Ludwig Feuerbach interpreted consciousness (psyche) as a manifestation of a specific energy of sense organs and mind, which gives rise to religion that is love between people.

Marxist interpretation of consciousness is a scientific view of the socio-historical role of social practice, the view of man as a product of his own labour and social relations. By changing external nature and social relations, man sim­ultaneously shaped and developed his own nature. There is no, and neither can there be, consciousness outside society, outside knowl­edge accumulated in the course of mankind's history and outside the specifically human modes of activity worked out by mankind.

The contemporary philosophy made its own contribution to the development of the concept of consciousness. Nietzsche took a decisive step in overcoming the cognitive interpretation of consciousness. He replaced the Cartesian cogito with I will. Although the philosopher did not deal with the problem of consciousness purposefully, his ideas influenced on other thinkers who studied that phenomenon. Within the philosophy of life an original conception with a turn to biologism was created by Sigmund Freud. There he examined mechanisms of interaction of conscious and unconscious.

In XX century that was E. Husserl who most fruitfully studied the problem of consciousness. He tended to a cognitive interpretation of consciousness and analyzed all its acts including non-cognitive as well.

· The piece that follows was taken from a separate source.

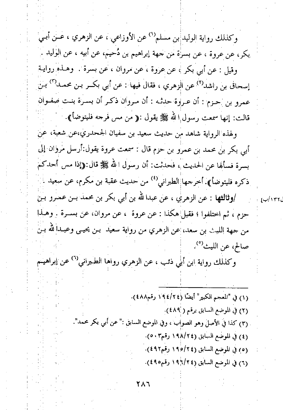 وثالثها: عن الزهري، عن عبد الله بن أبي بكر بن محمد بن عمرو بن حزم، ثم اختلفوا، فقيل هكذا: عن عروة، عن مروان، عن بسرة. وهذا من جهة الليث بن سعد، عن الزهري من رواية سعيد بن يحيى وعبد الله بن صالح، عن الليث.

So, Idealism digs an abyss between reason and the world, whereas materialism searches for community and unity between them, de­ducing the spiritual from the material. Idealists in­sist on the primacy of consciousness over matter:

Materialist philosophy and psychology proceed from the two cardinal principles in the solution of this problem: they see consciousness as a function of the brain and as a reflection of the external world.

But it is impossible to oppose consciousness to matter. The biological form of life is only a precondition of the appearance of consciousness. Consciousness exists in reality but this is only a subjective reality. Thus, the nature of consciousness is ideal but its source is material.

Matter is objective reality while consciousness is sub­jective reality.

Consciousness is a subjective image of the objective world. The subjective images as knowledge, as spiritual reality, and the physiological processes are qualitatively different phenomena. The reason is that the ideal, or consciousness, is not a sub­stance, but a function of matter organized in a definite manner.

Now, how can we define consciousness? Consciousness is the highest function of the brain characteristic only of man and connected with speech, a function whose essence is to provide a generalized and purposeful re­flection of reality, anticipatory mental construction of actions and rational regulation and self-control of be­haviour and foreseeing their results.